7. The system of internal control incorporates risk management. It encompasses a number of elements that together facilitate an effective and efficient operation, enabling the University to respond to a variety of risks. These elements include:

  1. Policies and procedures.
    Attached to fundamental risks are a series of policies that underpin the internal control process. The policies are set by Council. Written procedures support the policies where appropriate.

  2. Business planning and budgeting.
    The business planning and budgeting process is used to set objectives, agree action plans, and allocate resources. Progress towards meeting business plan objectives is monitored regularly.

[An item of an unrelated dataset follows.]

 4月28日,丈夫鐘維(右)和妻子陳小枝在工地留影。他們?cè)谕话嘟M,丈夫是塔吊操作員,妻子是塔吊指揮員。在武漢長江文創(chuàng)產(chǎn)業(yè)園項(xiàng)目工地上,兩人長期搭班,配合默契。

  3. High level risk framework (fundamental risks only).
    This framework is compiled by the Risk Steering Committee and helps to identify, asses, and monitor risks significant to the University. The risk register is revised formally annually but emerging risks are added as required, and improvement actions and risk indicators are monitored regularly.

  4. School and Department risk frameworks.
    Councils of Schools and Heads of Department develop and use this framework to ensure that risks in Schools and Departments are identified, assessed and monitored. The risk register is revised formally annually but emerging risks are added as required, and improvement actions and risk indicators are monitored regularly.

  5. Audit Committee.
    The Audit Committee reports to Council on internal controls and alerts Council on any emerging issues. In addition, the Audit Committee oversees internal audit, external audit and management as required in its review of internal controls. The Audit Committee should provide advice to the Council on the effectiveness of the RSC on the internal control system, including the University's system for the management of risk.

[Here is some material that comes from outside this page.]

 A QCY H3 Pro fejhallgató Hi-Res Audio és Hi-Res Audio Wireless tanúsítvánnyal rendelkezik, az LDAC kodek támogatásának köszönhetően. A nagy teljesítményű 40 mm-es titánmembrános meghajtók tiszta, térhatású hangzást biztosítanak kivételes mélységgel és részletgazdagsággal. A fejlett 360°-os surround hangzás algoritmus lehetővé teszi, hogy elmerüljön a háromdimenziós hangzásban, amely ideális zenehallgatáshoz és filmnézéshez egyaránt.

  6. Internal audit programme.
    Internal audit is responsible for aspects of the annual review of the effectiveness of the internal control system within the University. The internal audit strategy will be developed around the University's objectives and use the assessment of the fundamental risks. The work programme should include an assessment of the effectiveness of the risk management process.

  7. External audit.
    External audit informs the Audit Committee on the operation of the internal financial controls reviewed as part of the annual audit.

  8. Third party reports.
    From time to time, the use of external consultants may be appropriate in areas such as health and safety, and human resources. The use of specialist third parties for consulting and reporting can increase the reliability of the internal control system.

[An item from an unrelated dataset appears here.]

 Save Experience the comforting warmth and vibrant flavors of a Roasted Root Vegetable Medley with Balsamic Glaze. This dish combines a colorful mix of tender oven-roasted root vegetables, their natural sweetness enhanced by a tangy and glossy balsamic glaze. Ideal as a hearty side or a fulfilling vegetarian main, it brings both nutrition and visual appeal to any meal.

8. Council's annual review of effectiveness

The Council, advised by the RSC, will undertake an annual review to consider:

  • whether risk management continues to be linked to the achievement of the University's objectives;
  • the appropriate risk appetite or level of exposure for the University as a whole;
  • whether risk review procedures cover fundamental reputational, governance, staff, research, teaching, operational, compliance, student experience, estates, financial and other risks to achieving the University's objectives;
  • whether risk assessment and risk-based internal control are embedded in ongoing operations and form part of its culture;
  • changes in the nature and extent of fundamental risks and the University's ability to respond to changes in its internal and external environment since the last assessment;
  • the scope and quality of management's on-going process of monitoring the system of internal control including such elements as the effectiveness of internal audit and other assurance functions;
  • the extent and frequency of reports on internal control to Council and whether this is sufficient for Council to build up a cumulative assessment of the state of control and effectiveness of risk management;
  • the incidence of any fundamental control failings or weaknesses identified at any point within the year and the impact that they have had or could have on financial results;
  • the effectiveness of the University's public reporting processes;
  • the effectiveness of the overall approach and policy to risk management and whether changes or improvements to processes and procedures are necessary.